Whether you’re processing ten data files or ten thousand, making your workflows run faster and cost less is always a goal. The Terra Workflow (aka “Batch”) team has been working on some cost and performance improvements. These aren’t available quite yet, but we wanted to give you a preview of two of the improvements that are in progress:
Less wait time to load Broad’s public genome references
One performance improvement that’s almost ready will speed things up if your workflow uses one of the Broad Institute’s public genome reference data. Until now, having to copy gigabytes of references to the virtual machine meant waiting a few minutes before a task started. To reduce the wait time, we’re adding a reference disk that is automatically mounted when using one or more of the Broad references (gs://gcp-public-data–broad-references/) in a workflow. Since most references are quite large, it’s usually much faster to reference the file via an attached disk than to copy it onto the drive.

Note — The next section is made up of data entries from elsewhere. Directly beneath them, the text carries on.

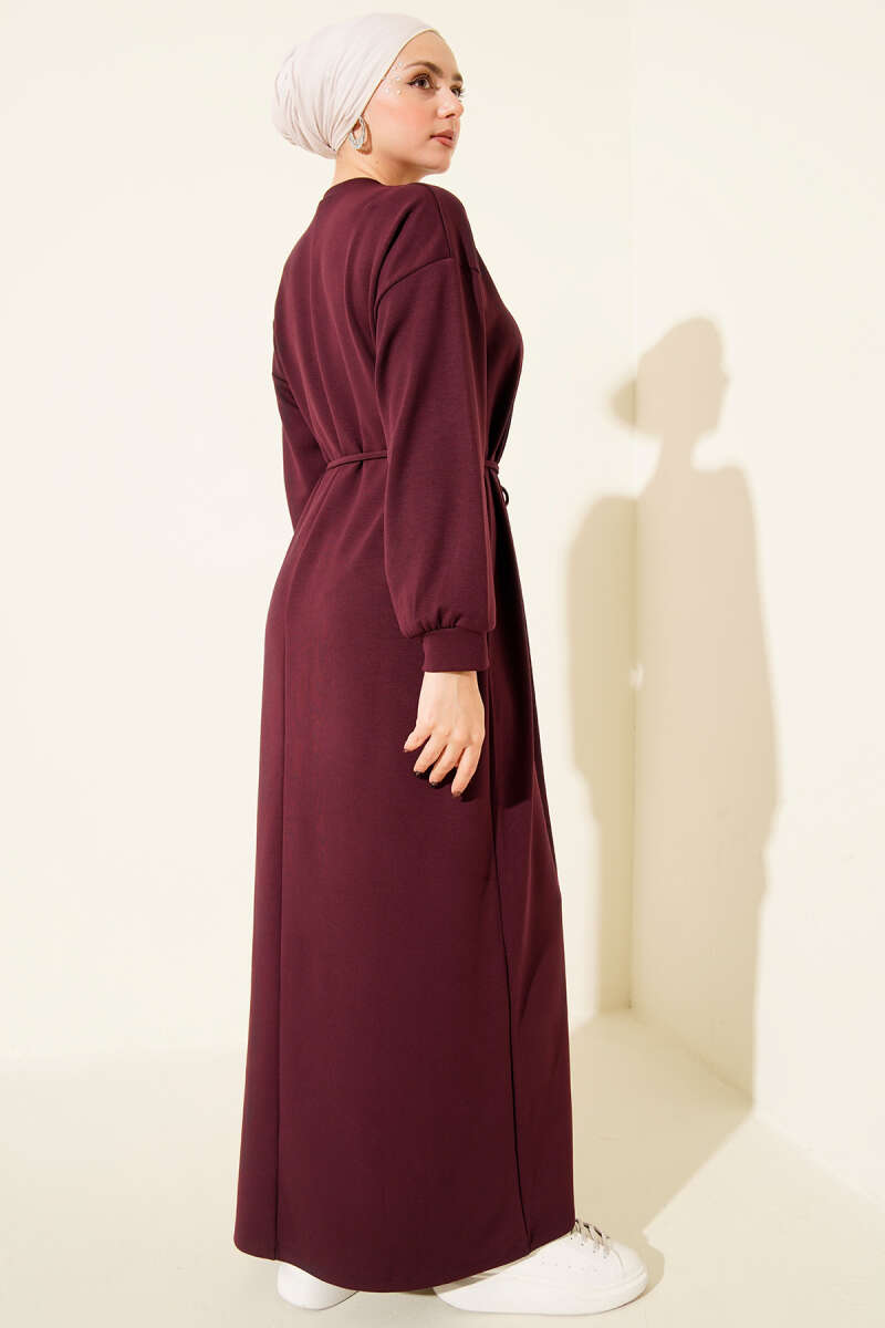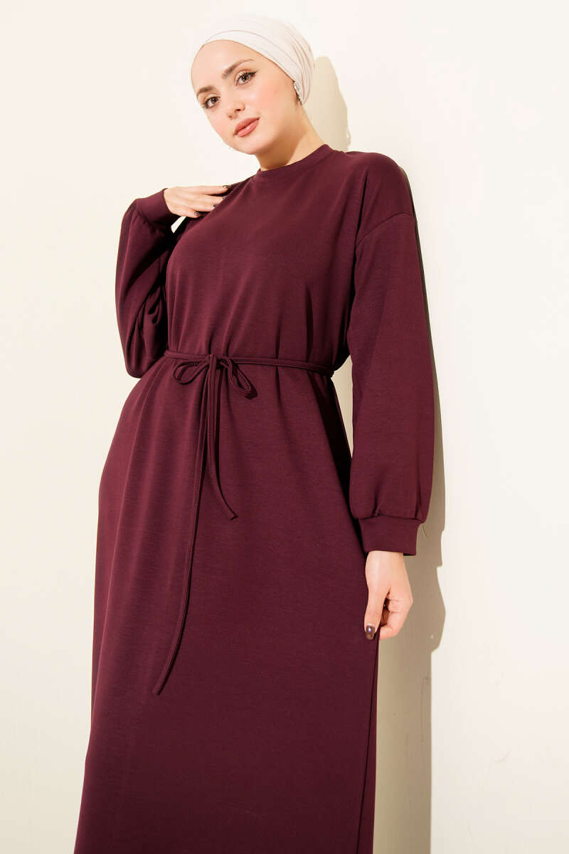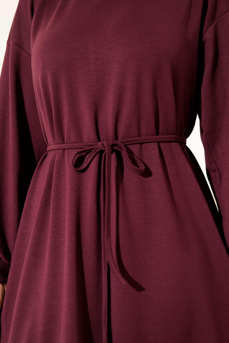 Bel Pensli Kuşaklı Dabıl Elbise Bordo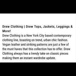 Drew Clothing is a wonderful addition to my boutique this season. The tops have an urban vibe and go from comfortable to dressy. This line has a great design esthetic and the quality is amazing. I hope you enjoy it as much as I do.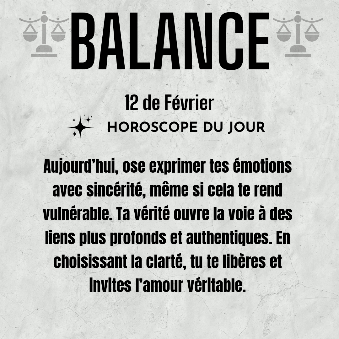 ♎ Balance aujourd'hui Jeudi 12 du Février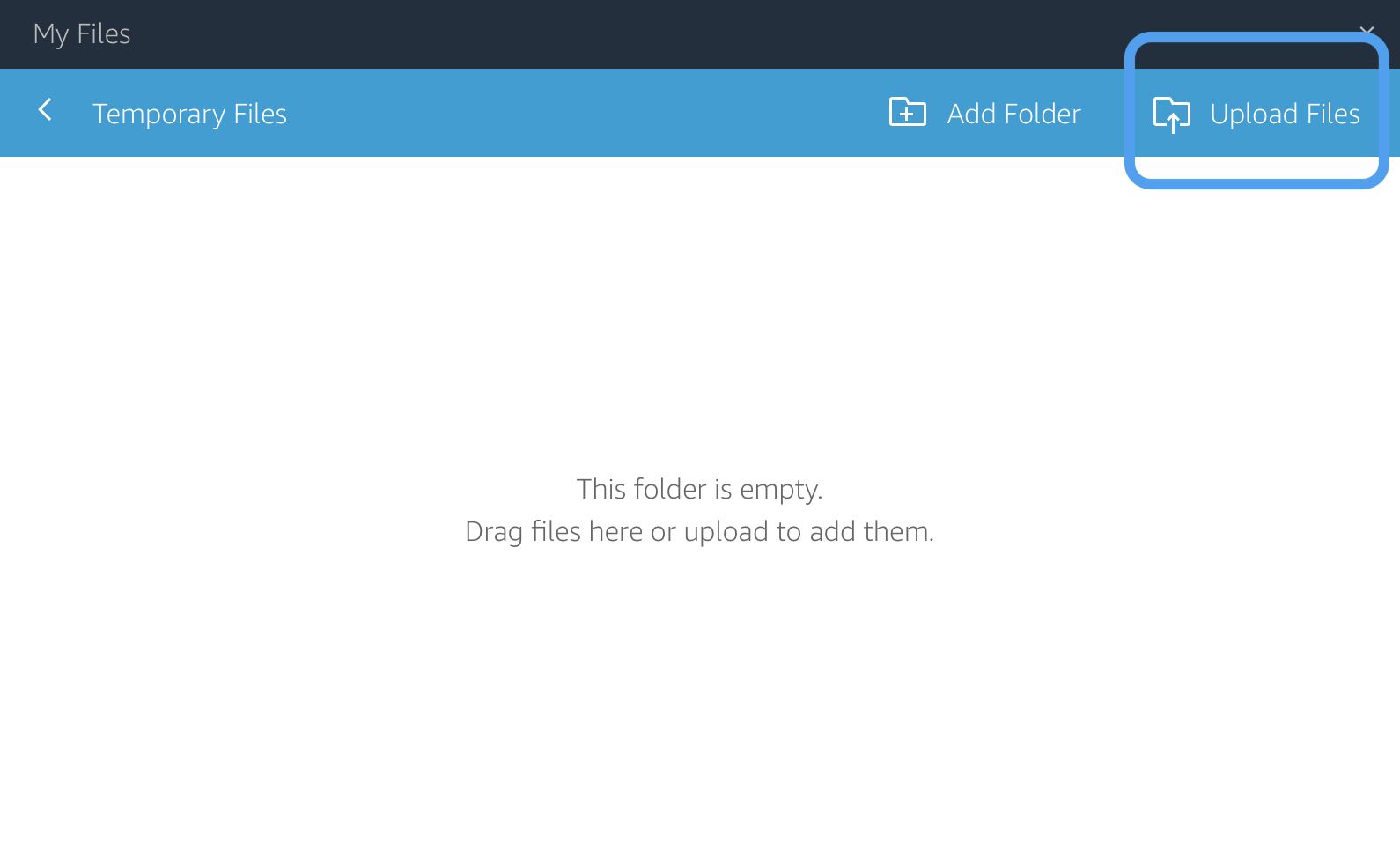 Double-click the ‘Temporary Files’ folder, then click the ‘Upload Files’ button.
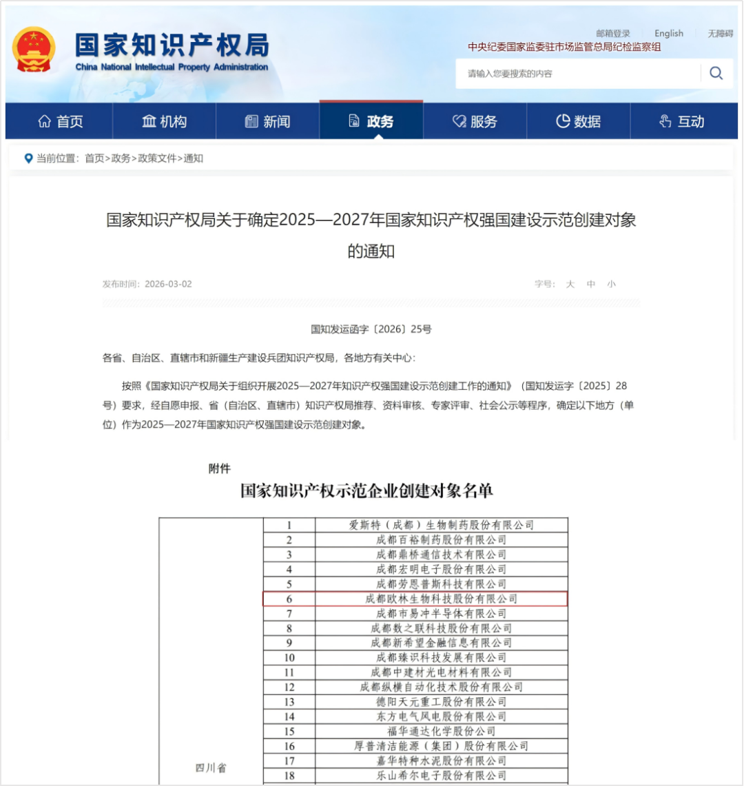 近日,国家知识产权局印发《关于确定2025—2027年国家知识产权强国建设示范创建对象的通知》,成都欧林生物科技股份有限公司(以下简称“欧林生物”)凭借在知识产权综合管理方面的系统性布局与突出成效,成功入选“国家知识产权示范企业创建对象”。

Best of all, you don’t need to change anything to take advantage of this improvement.
Run workflows optimized with Google Pipelines API V1 on Terra
Using pipelines developed or optimized with Google Pipelines API V1? You’ll soon be able to use these pipelines in Terra. With Google Pipelines API V1, there were fewer machine options available, and some pipelines were developed and optimized with this in mind. A new option is in the works that will allow you to leverage Google Pipelines API V1 machine optimization within V2 – Terra’s current version.
Along with the aforementioned items, the team is also looking at Docker image caching. We hope you enjoyed this sneak peek of what’s coming next for workflows. Look for more on these improvements in future updates.